With the Covert line, Nike finally got it right. From the shape of the head to the clean and practically graphic-free crown, the fairway woods look impossibly good at address and allow you to focus your attention on the ball. Both the Tour and Standard models have the right amount of heft when swung and predictably deliver a crisp, heavy blow at the ball off the middle of the face. In terms of sound, the fairway woods hit the right notes: a nice, understated whoosh that matches the sensation of hitting a well-struck ball.
There’s a few subtle differences between the Tour and Standard models, but I wouldn’t label them as deal-breakers. The club face on the Tour models feature a black matte finish that can help to reduce glare, and the Tour heads are little larger. Nike engineers moved the center of gravity lower and more forward on both models to promote a higher launch angle and reduced spin, but there’s little question that the Covert Tour woods launch the ball on a flatter, more-penetrating arc.
As for the FlexLoft adjustable hosel system, it’s only available on the Tour models. Will golfers purchasing the Standard woods really miss that feature? Assuming they’ve been properly fitted, then the answer is probably no. It’s not as if there’s much value to be gained in tweaking the loft and face angle settings from one round of golf to the next with clubs that golfers are looking to hit a specific distance.
The Bottom Line
The Nike Covert 2.0 fairway woods deliver versatility, distance and accuracy all in a package that will raise eyebrows (in a good way).
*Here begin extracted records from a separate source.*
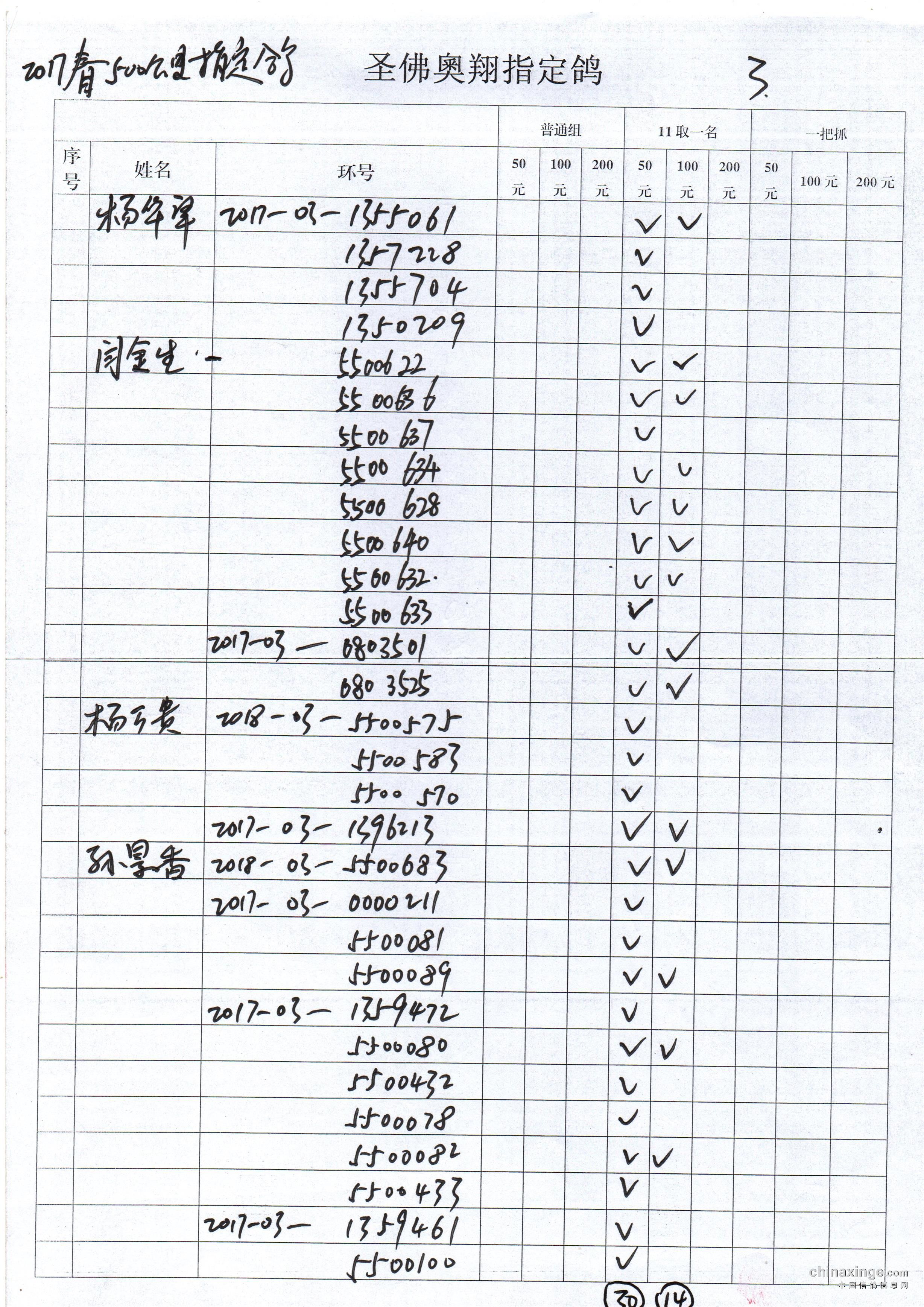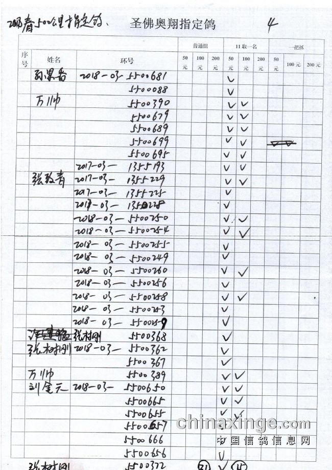2018圣佛奥翔赛鸽春季500公里指定鸽名单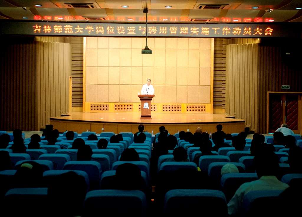 9月11日下午,我校在图书馆报告厅召开了吉林太阳成集团tyc122cc入口岗位设置与聘用管理实施工作动员大会。校领导,各单位党政负责人,教学单位办公室主任,任职3年以上副高级专业技术人员,2006年7月1日以后退休的副高级以下专业技术人员参加了大会。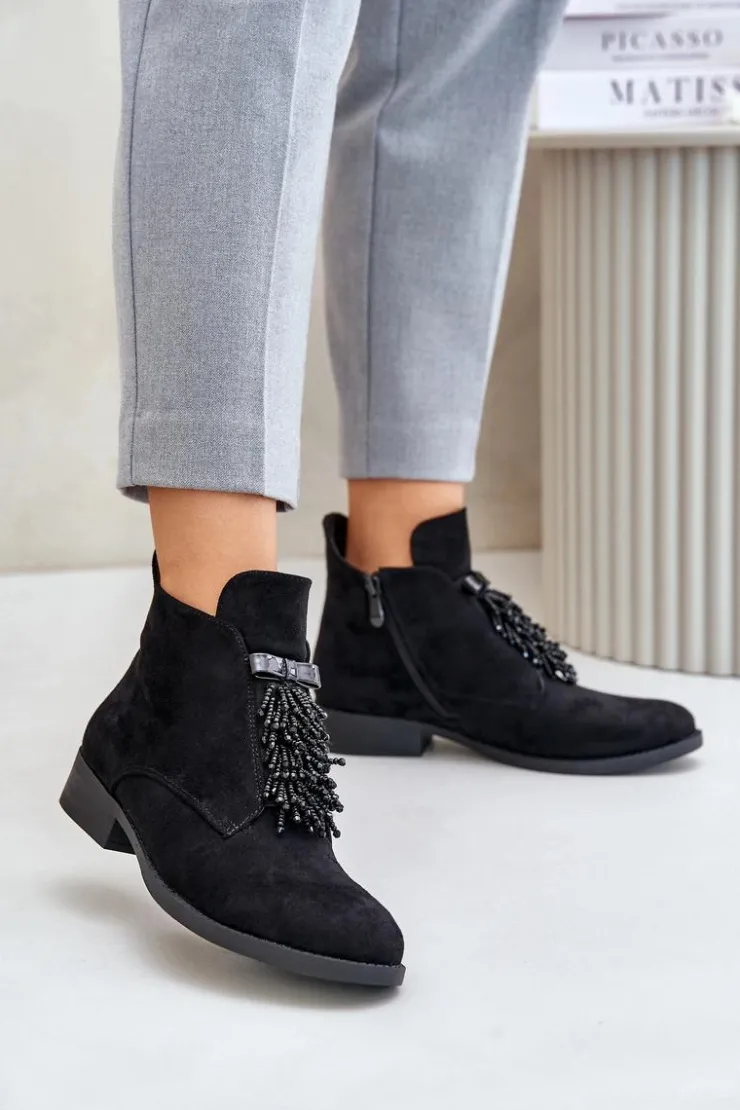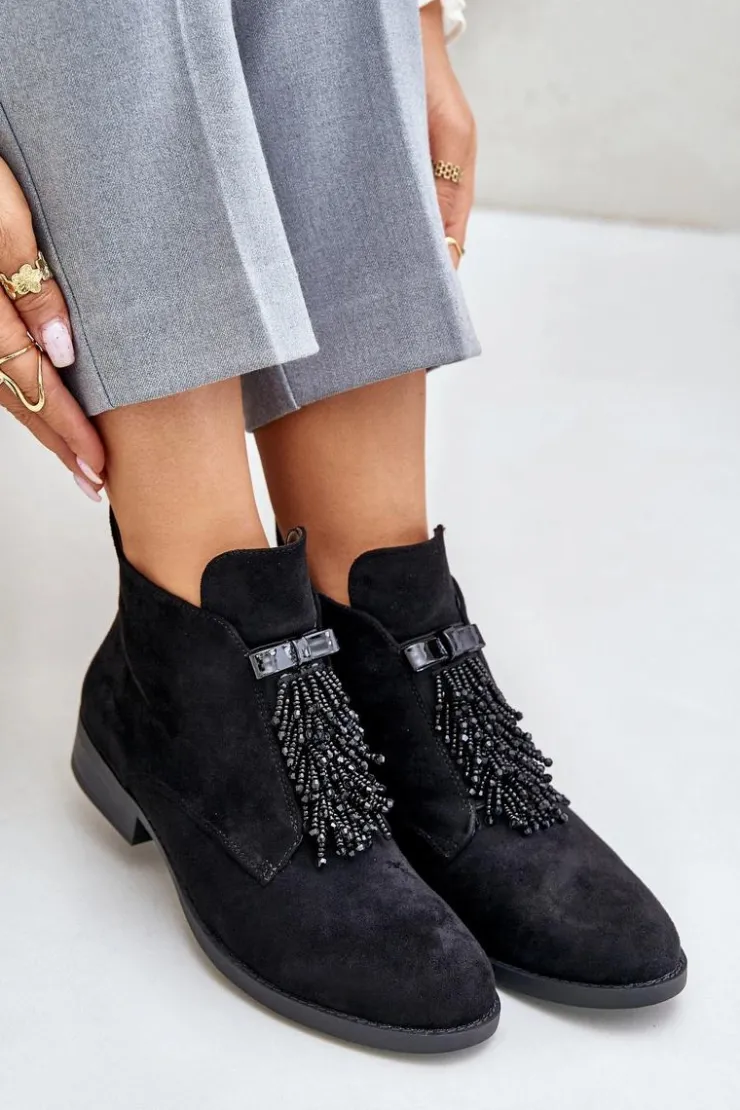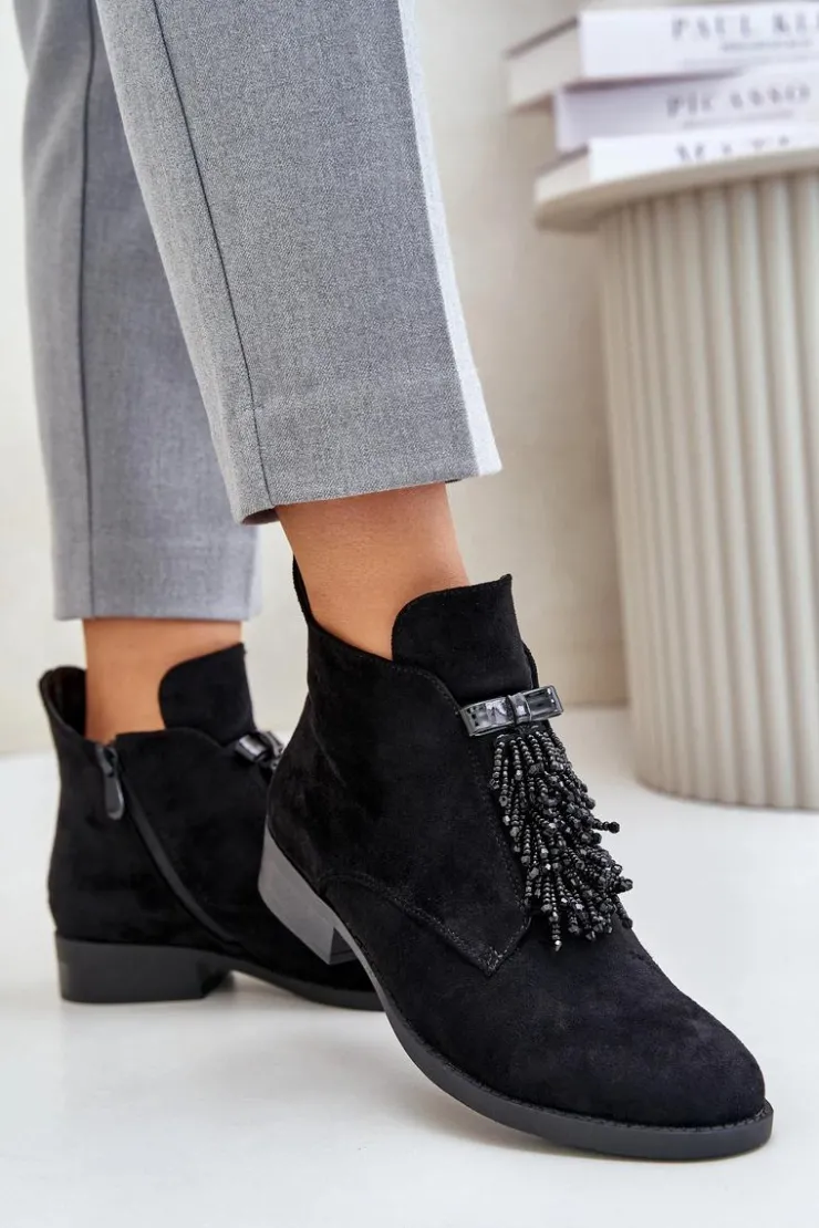 Botki damskie z cholewką do kostki od marki S.Barski. Wykonane z eko zamszu. Osadzone na płaskim obcasie, który zapewni stabilność na każdym kroku. Noski zaokrąglone. Głównym atutem tego modelu jest ozdoba z przodu, która nadaje wyjątkowego uroku. Model ten posiada ocieplenie w postaci koca obuwniczego. Przy wyborze rozmiaru prosimy sugerować się tabelą rozmiarów.

The compact-shaped heads are designed to help players deliver a clean strike off tight fairway lies. Better players will have the confidence to pull out a wood for a shot from the rough if the lie is reasonable. From the tee box, the 3 wood is an adequate substitute for the Covert driver, especially in situations that demand accuracy.
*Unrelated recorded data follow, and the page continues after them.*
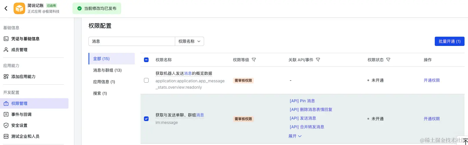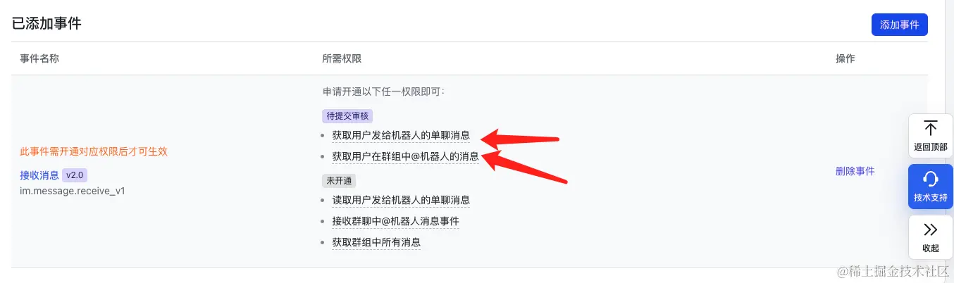 点击开启获取用户发给机器人的单聊消息和获取用户在群组中@机器人的消息权限。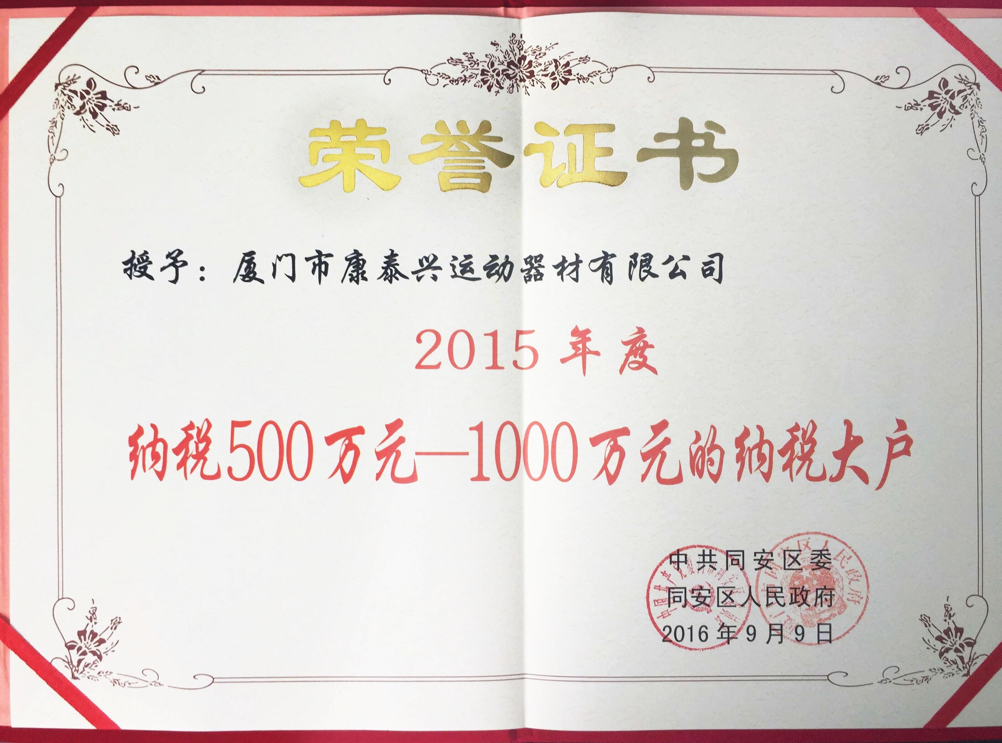 近日,經中共同安區委同安區人民政府批準,廈門市康泰興運動器材有限公司(以下簡稱“公司”)授予2015年度納稅500萬——1000萬元的納稅大戶“”公司憑借長期積累沉淀的強勁實力和始終如一的卓越服務,再次得到行業與社會的認可,專注、專業的形象深入人心。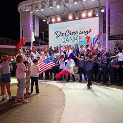Die Crew bedankt sich auf dem Weg zum Ausstiegshafen La Romana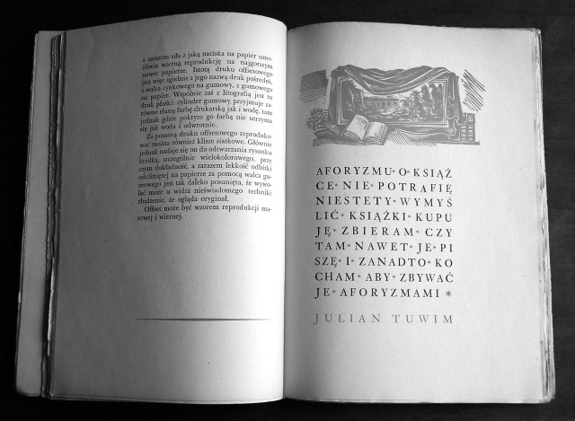 Książka O ilustracji wydana surowo, drukowana dwubarwnie na pożółkłym już dzisiaj papierze, z nieobciętym blokiem książki, jest pełna uroku za sprawą Adama Młodzianowskiego, który zadbał o jej formę. Powstała pod auspicjami Towarzystwa Miłośników Książki, więc dla krakowskich bibliofilów wyłączono ze sprzedażnego nakładu dwadzieścia pięć numerowanych egzemlparzy. Mój egzemplarz jest normalny, nienumerowany, z oberwanym grzbietem. Ale tego grzbietu nie wyrzuciłem i służy jako zakładka.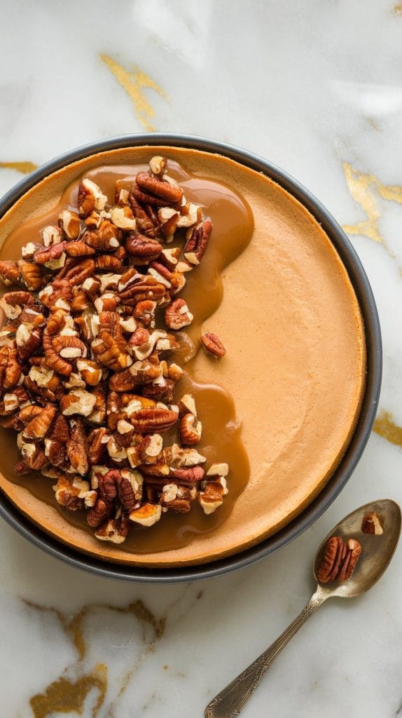 It’s creamy, rich, cozy, and has this beautiful combo of warm spice and buttery pecan crunch on top.

During testing, I would’ve liked to have seen more of a distance gap between the 15 degree and 19 degree fairway woods. Here the Tour models do offer a distinct advantage in allowing a golfer to use the FlexLoft system to adjust their fairway woods to create uniform gapping. Ultimately, any individual considering stocking up on the Covert fairway woods will have consider what combination (whether they be Standard or Tour models) gives them the right amount of launch, workability and distance.
Overall, higher-caliber players will have a hard time finding fairway woods that deliver better looks and performance than the one’s from Nike.